Hi,
I am trying to run HPL benchmark as -
[user@node1 ~]$ docker container run --interactive --privileged --tty nvcr.io/nvidia/hpc-benchmarks:21.4-hpl /bin/bash
Detected MOFED 5.4-1.0.3.
NOTE: MOFED driver was detected, but nv_peer_mem driver was not detected.
Multi-node communication performance may be reduced.
root@d112f848d074:/workspace# mpirun --bind-to none -np 4 hpl.sh --config dgx-a100 --dat HPL.dat
INFO: host=d112f848d074 rank=0 lrank=0 cores=16 gpu=0 cpu=32-47 mem=2 net=mlx5_0:1 bin=/workspace/hpl-linux-x86_64/xhpl
INFO: host=d112f848d074 rank=1 lrank=1 cores=16 gpu=1 cpu=48-63 mem=3 net=mlx5_1:1 bin=/workspace/hpl-linux-x86_64/xhpl
INFO: host=d112f848d074 rank=2 lrank=2 cores=16 gpu=2 cpu=0-15 mem=0 net=mlx5_2:1 bin=/workspace/hpl-linux-x86_64/xhpl
INFO: host=d112f848d074 rank=3 lrank=3 cores=16 gpu=3 cpu=16-31 mem=1 net=mlx5_3:1 bin=/workspace/hpl-linux-x86_64/xhpl
/workspace/hpl-linux-x86_64/xhpl: error while loading shared libraries: libnvidia-ml.so.1: cannot open shared object file: No such file or directory
--------------------------------------------------------------------------
Primary job terminated normally, but 1 process returned
a non-zero exit code. Per user-direction, the job has been aborted.

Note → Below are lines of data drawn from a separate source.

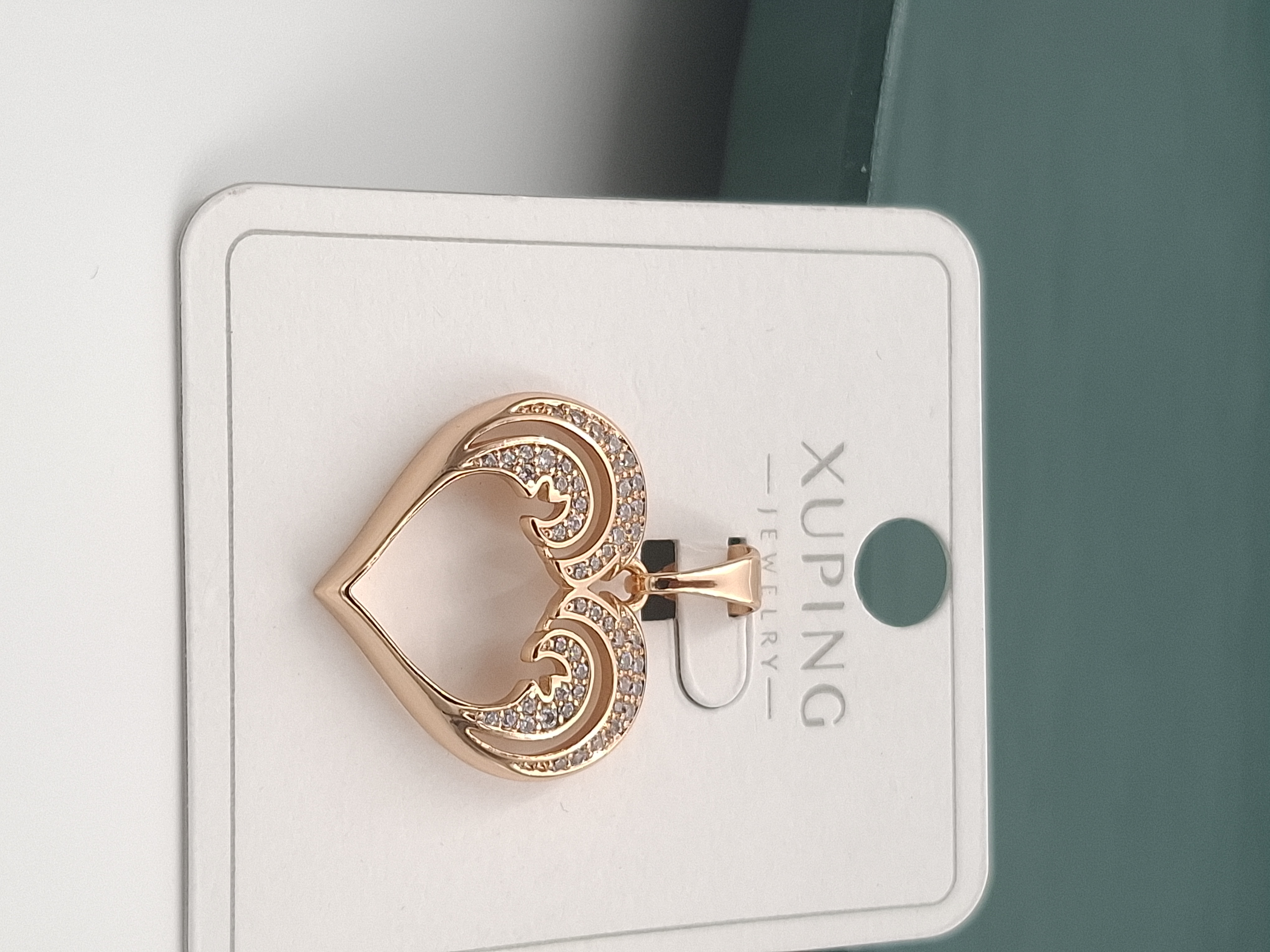 این پلاک زیبا از برند محبوب ژوپینگ (Xuping) با طراحی خاص و رمانتیک به شکل قلب تولید شده است. بخش بالایی قلب با دو انحنای ظریف و نگینهای درخشان اتمی (میکرو ستینگ) تزئین شده که جلوهای مانند جواهرات اصل به آن میبخشد.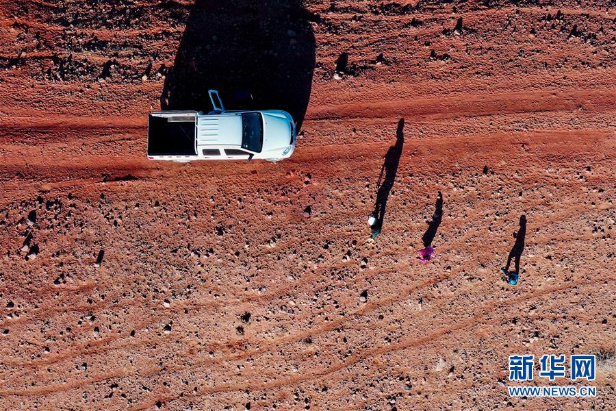 4月1日,在策耿家附近的戈壁上,策耿上完网课后准备上车回家。 新华社记者 刘磊 摄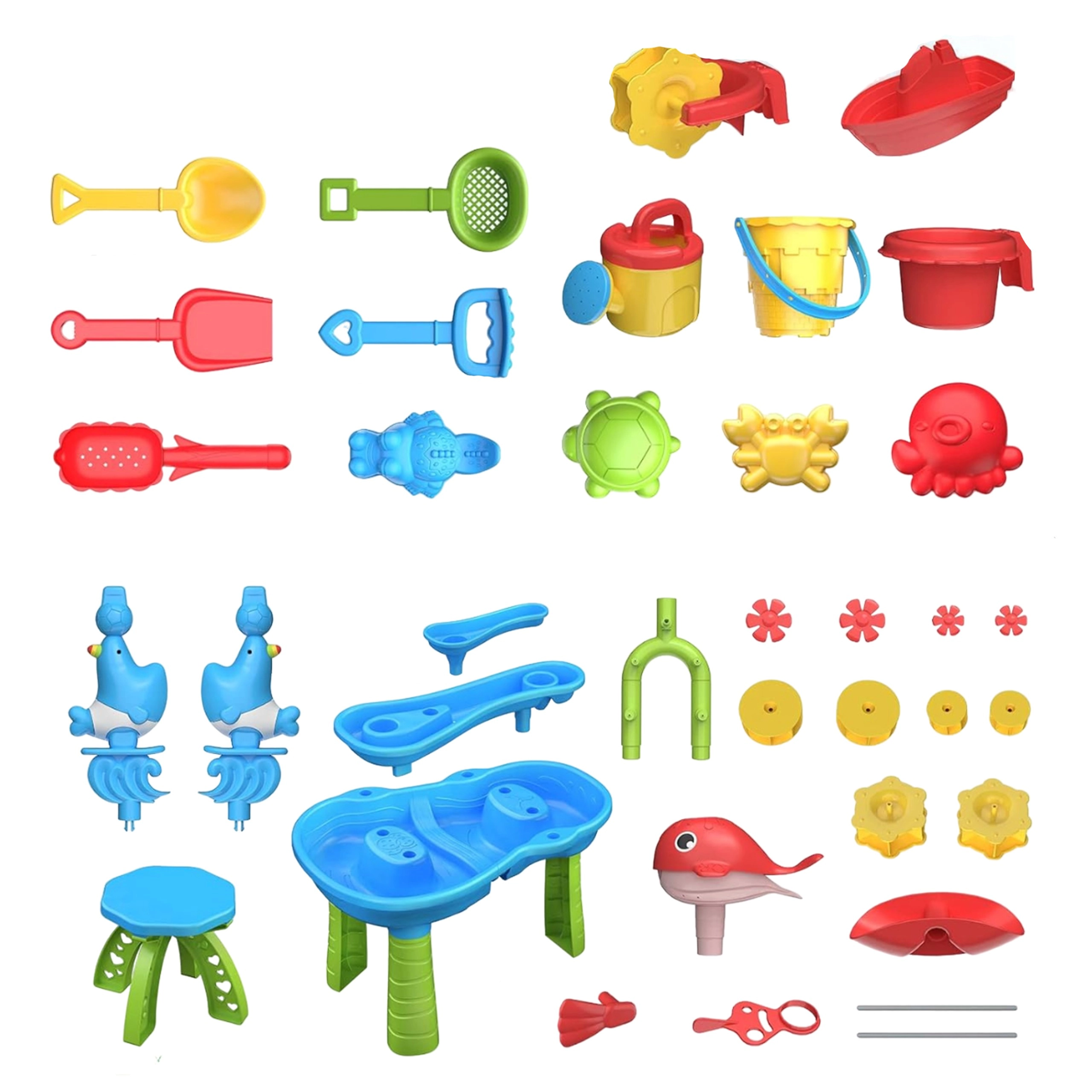- 2 vědra, konvička, 5 formiček, vodní mlýnek, 5 pískových nástrojů (lopatka, hrábě, sítko aj.), stolek, montážní příslušenství, stolička

--------------------------------------------------------------------------
/workspace/hpl-linux-x86_64/xhpl: error while loading shared libraries: libnvidia-ml.so.1: cannot open shared object file: No such file or directory
/workspace/hpl-linux-x86_64/xhpl: error while loading shared libraries: libnvidia-ml.so.1: cannot open shared object file: No such file or directory
--------------------------------------------------------------------------
mpirun detected that one or more processes exited with non-zero status, thus causing
the job to be terminated. The first process to do so was:
Process name: [[21697,1],1]
Exit code: 127
--------------------------------------------------------------------------
i can see that the libnvidia-ml.so file is not being detected inside the container -
root@d112f848d074:/workspace# ldd /workspace/hpl-linux-x86_64/xhpl
linux-vdso.so.1 (0x00008000000d2000)
libmkl_intel_lp64.so => /opt/intel/compilers_and_libraries_2020.4.304/linux/mkl/lib/intel64_lin/libmkl_intel_lp64.so (0x00007ffff70b3000)
libmkl_intel_thread.so => /opt/intel/compilers_and_libraries_2020.4.304/linux/mkl/lib/intel64_lin/libmkl_intel_thread.so (0x00007ffff37c8000)
libmkl_core.so => /opt/intel/compilers_and_libraries_2020.4.304/linux/mkl/lib/intel64_lin/libmkl_core.so (0x00007fffef187000)
libcudart.so.11.0 => /usr/local/cuda/targets/x86_64-linux/lib/libcudart.so.11.0 (0x00007fffeeef8000)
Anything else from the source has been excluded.